# Requirement
With the pictures excluded, reproduce all of the data exactly.

# Input data
......

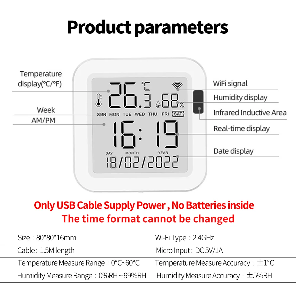 Le capteur utilise une alimentation USB.Par rapport à la version à batterie, le capteur surveillera la température et l'humidité en temps réel.
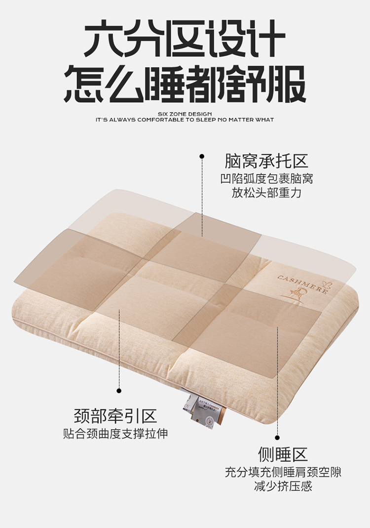 캐시미어 실크 베개 콩 섬유 베개 코어 6 구역 성인 베개 부드러운 잠자는 목 베개 가구 베개스토어 가기
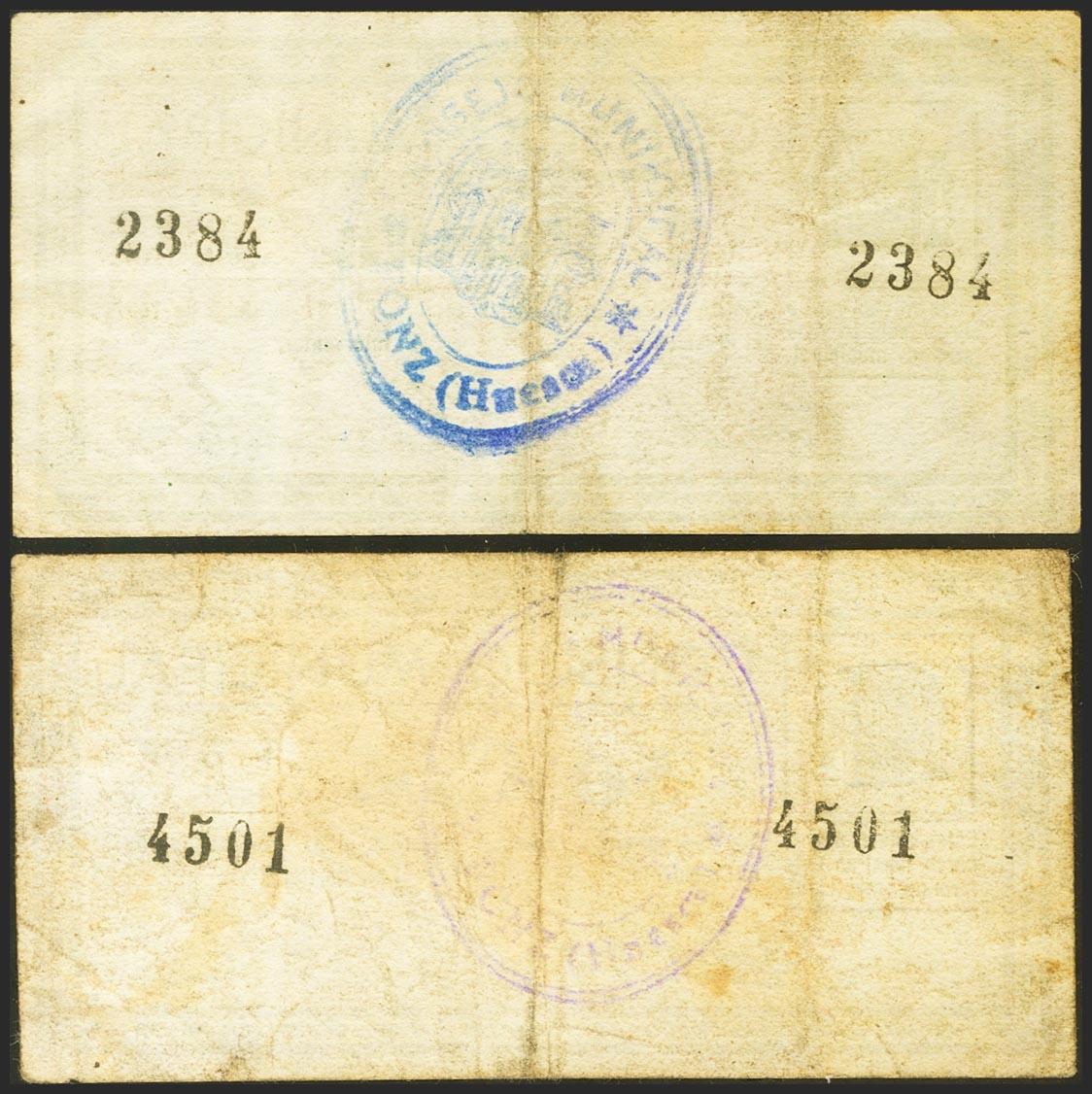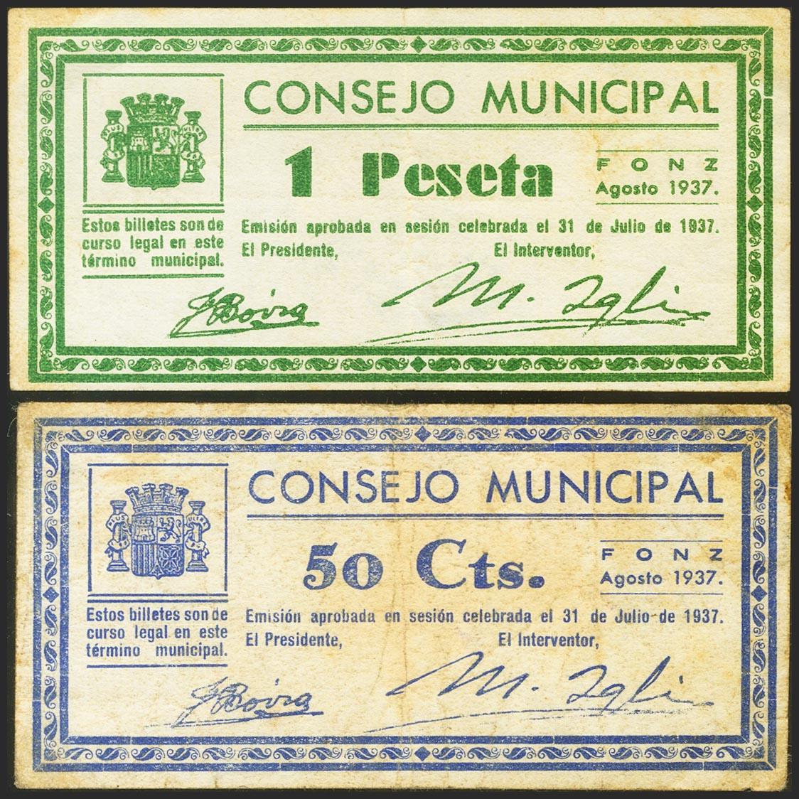 English FONZ (HUESCA). 50 Cents and 1 Peseta. August 1937. (González: 2477, 2478). unusual. Very Fine.

......

# Finished exercise
 Le capteur utilise une alimentation USB.Par rapport à la version à batterie, le capteur surveillera la température et l'humidité en temps réel.
 캐시미어 실크 베개 콩 섬유 베개 코어 6 구역 성인 베개 부드러운 잠자는 목 베개 가구 베개스토어 가기
 English FONZ (HUESCA). 50 Cents and 1 Peseta. August 1937. (González: 2477, 2478). unusual. Very Fine.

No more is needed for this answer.